- Data provided:
[Start of section]

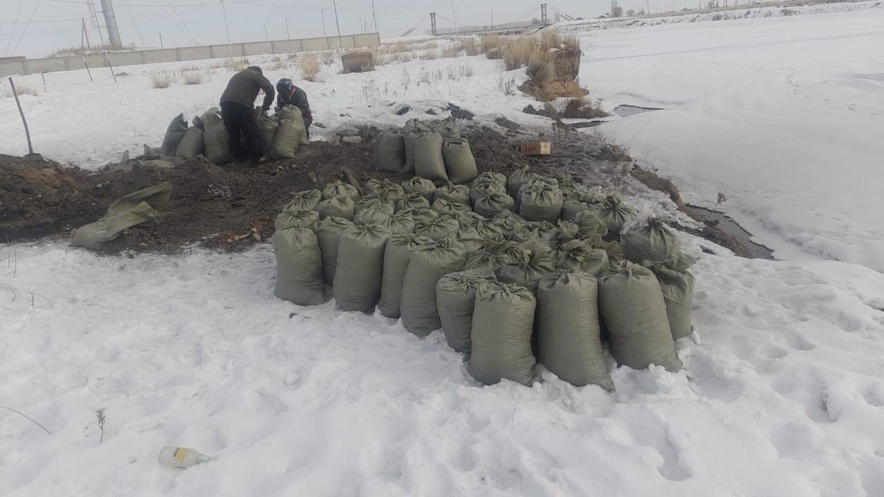 Сонымен қатар 10 000 (он мың) қап барлық ауылдық округтерге таратылып, инертті (күл, шлак, құм) материалдарға толтырылды. Қаптар су басу қаупі бар участоктерге қойылуда.
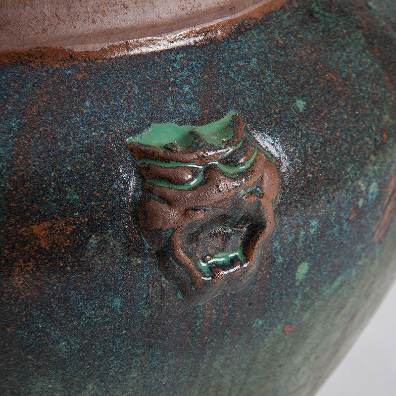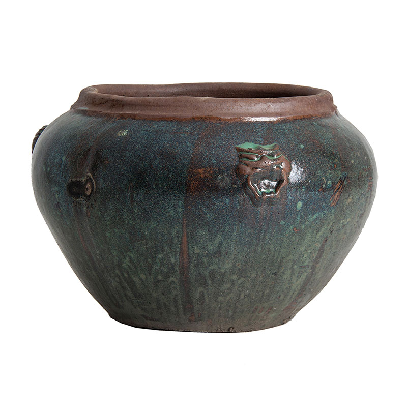 Macetero selegha, en color negro, de estilo oriental. Fabricado en cerámica.
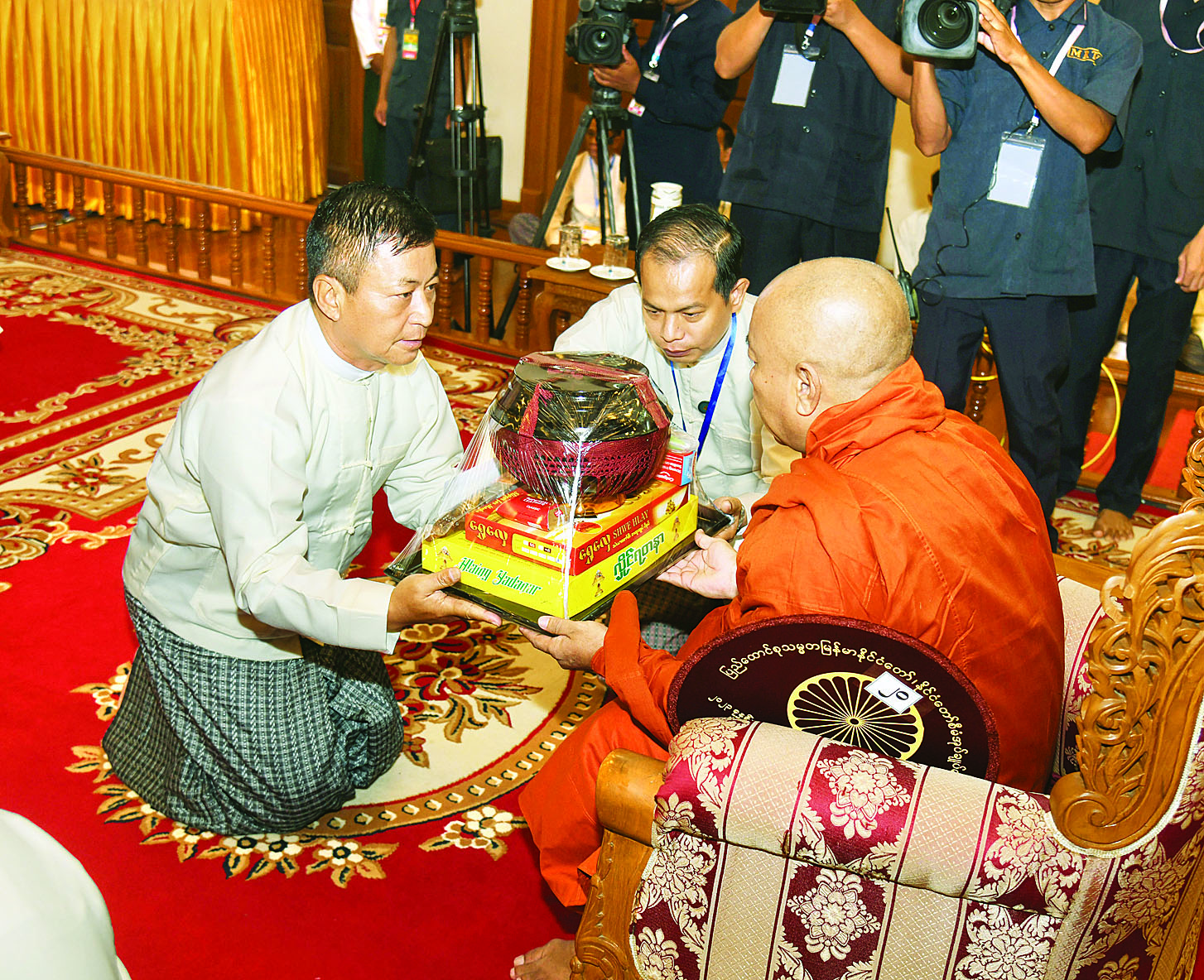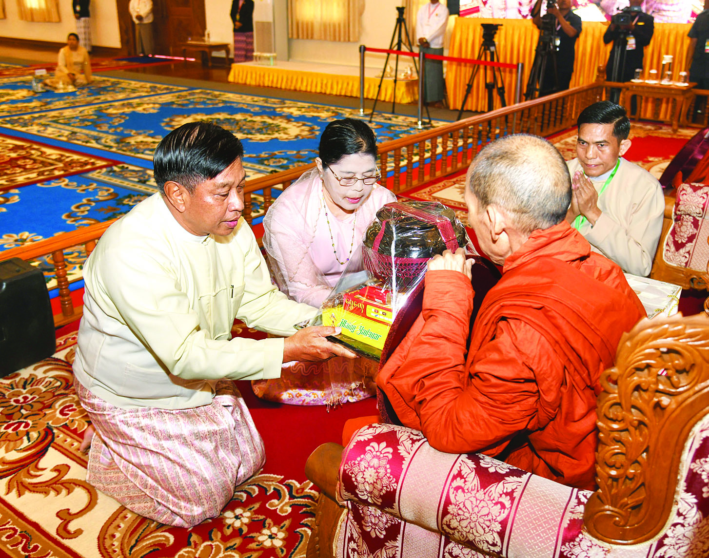 ထို့နောက် နိုင်ငံတော်စီမံအုပ်ချုပ်ရေးကောင်စီ ဒုတိယဥက္ကဋ္ဌ ဒုတိယဝန်ကြီးချုပ်နှင့်ဇနီးတို့က နိုင်ငံတော်သံဃမဟာနာယကအဖွဲ့ ဒုတိယဥက္ကဋ္ဌ၊ ရှမ်းပြည်နယ်၊ ကျောက်မဲမြို့၊ သီဟိုဠ်ပရိယတ္တိ စာသင်တိုက် ပဓာနနာယက၊ အဂ္ဂမဟာပဏ္ဍိတ ဒေါက်တာဘဒ္ဒန္တစန္ဒနသာရ ဆရာတော်ကြီးထံ ဝါဆိုသင်္ကန်းနှင့်လှူဖွယ်ပစ္စည်းများကို ဆက်ကပ်လှူဒါန်းသည်။ ဆက်လက်ပြီး ကောင်စီအတွင်းရေးမှူးနှင့်ဇနီး၊ တွဲဖက်အတွင်းရေးမှူးနှင့်ဇနီး၊ ကောင်စီဝင်များနှင့်ဇနီးများ၊ ပြည်ထောင်စုအဆင့် ပုဂ္ဂိုလ်များ၊ ပြည်ထောင်စုဝန်ကြီးများ၊ ညှိနှိုင်းကွပ်ကဲရေးမှူး(ကြည်း၊ ရေ၊လေ) နှင့် အဆင့်မြင့်တပ်မတော်အရာရှိကြီးများက ဆရာတော်၊ သံဃာတော်များထံ ဝါဆိုသင်္ကန်းနှင့်လှူဖွယ်ပစ္စည်းများကို အသီးသီးဆက်ကပ်လှူဒါန်းကြသည်။
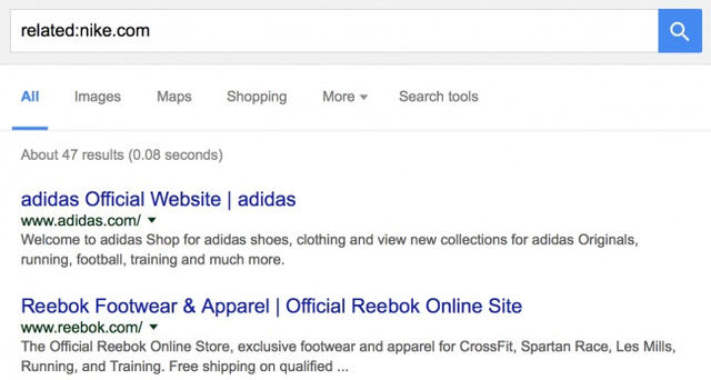 Nếu bạn tìm thấy điều gì đó thú vị trên mạng và muốn tìm các trang web tương tự, bạn có thể gõ “related:” sau đó là địa chỉ trang web và không gõ dấu cách.

[End of section]

- Task to complete:
With the pictures omitted, write out exactly the lines from the one that contains "Macetero selegha, en" through the final line of the material above, both ends included.

- Exercise output:
 Macetero selegha, en color negro, de estilo oriental. Fabricado en cerámica.
 ထို့နောက် နိုင်ငံတော်စီမံအုပ်ချုပ်ရေးကောင်စီ ဒုတိယဥက္ကဋ္ဌ ဒုတိယဝန်ကြီးချုပ်နှင့်ဇနီးတို့က နိုင်ငံတော်သံဃမဟာနာယကအဖွဲ့ ဒုတိယဥက္ကဋ္ဌ၊ ရှမ်းပြည်နယ်၊ ကျောက်မဲမြို့၊ သီဟိုဠ်ပရိယတ္တိ စာသင်တိုက် ပဓာနနာယက၊ အဂ္ဂမဟာပဏ္ဍိတ ဒေါက်တာဘဒ္ဒန္တစန္ဒနသာရ ဆရာတော်ကြီးထံ ဝါဆိုသင်္ကန်းနှင့်လှူဖွယ်ပစ္စည်းများကို ဆက်ကပ်လှူဒါန်းသည်။ ဆက်လက်ပြီး ကောင်စီအတွင်းရေးမှူးနှင့်ဇနီး၊ တွဲဖက်အတွင်းရေးမှူးနှင့်ဇနီး၊ ကောင်စီဝင်များနှင့်ဇနီးများ၊ ပြည်ထောင်စုအဆင့် ပုဂ္ဂိုလ်များ၊ ပြည်ထောင်စုဝန်ကြီးများ၊ ညှိနှိုင်းကွပ်ကဲရေးမှူး(ကြည်း၊ ရေ၊လေ) နှင့် အဆင့်မြင့်တပ်မတော်အရာရှိကြီးများက ဆရာတော်၊ သံဃာတော်များထံ ဝါဆိုသင်္ကန်းနှင့်လှူဖွယ်ပစ္စည်းများကို အသီးသီးဆက်ကပ်လှူဒါန်းကြသည်။
 Nếu bạn tìm thấy điều gì đó thú vị trên mạng và muốn tìm các trang web tương tự, bạn có thể gõ “related:” sau đó là địa chỉ trang web và không gõ dấu cách.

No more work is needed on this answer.